Re: entailment review - part 1 from Birte Glimm on 2010-01-05 (public-rdf-dawg@w3.org from January to March 2010)

From: Birte Glimm <birte.glimm@comlab.ox.ac.uk>
Date: Tue, 5 Jan 2010 19:43:25 +0000
To: Axel Polleres <axel.polleres@deri.org>
Cc: SPARQL Working Group <public-rdf-dawg@w3.org>
Message-ID: <492f2b0b1001051143v6e64ca9cuac58aa4f22543782@mail.gmail.com>
Axel,
I copied your review into the email and comment on the mentioned
issues inline below, see also
http://www.w3.org/2009/sparql/docs/entailment/xmlspec.xml.
Thanks for the comments,
Birte

2010/1/5 Axel Polleres <axel.polleres@deri.org>:
> I am still catching up with Entailment and didn't complete the whole review in time...
> ... so, attached part 1, which essentially goes up to RDFS entailment only, didn't have
> time yet to take a closer look to the OWL parts.
>
> None of my comments should really hold up publication, I think the document is overall in
> very good shape.
>
> However, actually some of my questions (comment 6) and 9) ) refer to the definitions taken from the current
> query spec and might need further rethinking/discussion of those.
>
> Change summary:
>
> The first public working draft defined the semantics of SPARQL queries
> under RDF and RDFS entailment. In this public working draft the RDF
> and RDFS entailment regimes have been changed to use a skolemized
> version of the queried RDF triples to limit the possible answers to a
> finite set of answers.

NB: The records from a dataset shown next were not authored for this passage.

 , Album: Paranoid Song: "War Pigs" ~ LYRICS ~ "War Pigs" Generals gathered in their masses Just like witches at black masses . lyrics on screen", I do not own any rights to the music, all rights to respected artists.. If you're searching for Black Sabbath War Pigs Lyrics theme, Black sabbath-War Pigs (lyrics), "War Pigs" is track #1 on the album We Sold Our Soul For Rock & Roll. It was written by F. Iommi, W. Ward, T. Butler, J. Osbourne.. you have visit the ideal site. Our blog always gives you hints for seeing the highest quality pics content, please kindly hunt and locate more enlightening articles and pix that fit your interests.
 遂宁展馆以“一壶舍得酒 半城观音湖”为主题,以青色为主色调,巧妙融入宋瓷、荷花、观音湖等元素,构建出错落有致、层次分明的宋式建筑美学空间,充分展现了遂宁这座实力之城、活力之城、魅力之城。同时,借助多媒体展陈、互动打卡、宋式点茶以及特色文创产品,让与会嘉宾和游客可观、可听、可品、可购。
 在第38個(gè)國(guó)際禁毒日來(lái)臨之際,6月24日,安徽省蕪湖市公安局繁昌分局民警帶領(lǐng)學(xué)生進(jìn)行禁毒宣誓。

This prevents non-local effects that caused
> additional results for existing triples from unrelated newly added
> triples that contain new blank nodes. This draft further adds an
> entailment regime for OWL Direct Semantics, which covers the OWL 2 DL,
> EL, and QL Profiles.

Is that meant to suggest a heading for this part of the abstract? If
so, I added that.

>
> Detailed Comments:
>
> 1) (non-critical) Suggest to add a note in the Introduction: in
> future/final version of the document, only SPARQL 1.1/Query should be
> mentioned and no longer the "first SPARQL specification". SPARQL
> 1.1/Query also only talks about simple entailment, so all you say here
> about the old version will remain valid if you consistently only refer
> to the new SPARQL 1.1/Query document, I suppose.

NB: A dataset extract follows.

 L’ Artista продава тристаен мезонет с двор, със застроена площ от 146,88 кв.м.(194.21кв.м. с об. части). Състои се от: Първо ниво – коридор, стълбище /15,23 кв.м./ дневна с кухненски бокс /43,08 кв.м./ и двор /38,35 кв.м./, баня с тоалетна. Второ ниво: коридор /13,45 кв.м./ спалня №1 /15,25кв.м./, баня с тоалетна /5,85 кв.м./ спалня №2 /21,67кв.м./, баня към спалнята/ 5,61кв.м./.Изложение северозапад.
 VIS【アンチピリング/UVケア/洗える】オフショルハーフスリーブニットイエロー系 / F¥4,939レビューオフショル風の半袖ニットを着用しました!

I changed all SPARQL Query links now to point to the W3C Latest
Version link http://www.w3.org/TR/sparql11-query/. As soon as the next
WD is published that link will point to the then complete 1.1 spec. I
also changed the text where relevant to talk about the SPARQL Query
spec or SPARQL Query 1.1 spec only.

> 2) "two Turtle documents which differ only by re-naming their node
> identifiers will be understood to be equivalent."
>
> -I suggest to rather use "blank node identifier" than "node identifier"->
>
> "two Turtle documents which differ only by re-naming their blank node
> identifiers will be understood to be equivalent."

Done.

> 3)
> "In the case of any difference, the SPARQL Query Language definitions
> are the normative ones."
> -not sure, as I am not native, but I think that should be plural->
> "In the case of any differences, the SPARQL Query Language definitions
> are the normative ones."

Neither am I, but plural sounds correct, so I changed it.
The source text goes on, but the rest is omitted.